These Q&As were updated on Friday 7 May 2021 and will be reviewed as new information and advice emerges. For general information on pregnancy and COVID-19 visit our main Q&A page.

Key messages

  • The latest advice from the Joint Committee on Vaccination and Immunisation (JCVI) is that COVID-19 vaccines should be offered to pregnant women at the same time as the rest of the population, based on their age and clinical risk group. Women should discuss the benefits and risks of having the vaccine with their healthcare professional and reach a joint decision based on individual circumstances.
  • You should not stop breastfeeding in order to be vaccinated against COVID-19.
  • Women trying to become pregnant do not need to avoid pregnancy after vaccination and there is no evidence to suggest that COVID-19 vaccines will affect fertility.
  • Having a COVID-19 vaccine will not remove the requirement for employers to carry out a risk assessment for pregnant employees, which should follow the rules set out in this government guidance.
  • See our statement in response to change in guidance around the Oxford AstraZeneca vaccine

Resources to help with decision making

If you are pregnant and have been offered a COVID-19 vaccine, the decision whether to have the vaccination is your choice.
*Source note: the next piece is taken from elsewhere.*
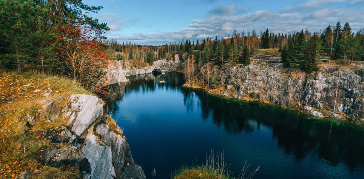Горный парк «Рускеала». Экскурсия и свободное время в Горном парке, поражающем своей красотой в любое время года. Его визитная карточка - Мраморный каньон. Это большое вытянутое с юга на север озеро с кристально чистой водой и отвесными берегами из настоящего мрамора. Раньше здесь добывали этот декоративный камень для отделки архитектурных шедевров Санкт-Петербурга.

You may find the following resources helpful:

Q. Which pregnant women are being offered a COVID-19 vaccine?

The JCVI updated their advice on 16 April 2021 and are now advising that all pregnant women should be offered the COVID-19 vaccine at the same time as the rest of the population, based on their age and clinical risk group.
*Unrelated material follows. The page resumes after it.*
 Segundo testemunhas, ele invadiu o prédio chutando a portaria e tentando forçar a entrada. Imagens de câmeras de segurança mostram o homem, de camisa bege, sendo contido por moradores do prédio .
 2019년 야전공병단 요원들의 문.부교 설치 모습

Previously their advice was that pregnant women at high risk of exposure to the virus or with high risk medical conditions should consider having a COVID-19 vaccine in pregnancy (priority groups 1, 2, 4 and 6).

As of 16 April, COVID-19 vaccination is offered to the following groups of pregnant women:

  • Those with high risk medical conditions who have a greater risk of severe illness from COVID-19
  • Health or social care workers – who are at very high risk of catching COVID-19
  • Individuals considered at high risk of COVID-19 because of health and personal factors that include age, ethnicity, BMI and underlying health conditions (this includes pregnant women in priority group 6)
  • Women diagnosed with gestational diabetes in pregnancy or pregnant women with a BMI of more than 40
  • Individuals aged 45 or over

As COVID-19 vaccines are made available to younger people in the general population, they will also be made available to pregnant women in those age groups.

The benefits and risks of COVID-19 vaccination in pregnancy should be discussed on an individual basis. The discussion should include acknowledgement that, while there is no known risk associated with giving other non-live vaccines to pregnant women, there are no specific data as yet about the safety of COVID-19 vaccination in pregnancy.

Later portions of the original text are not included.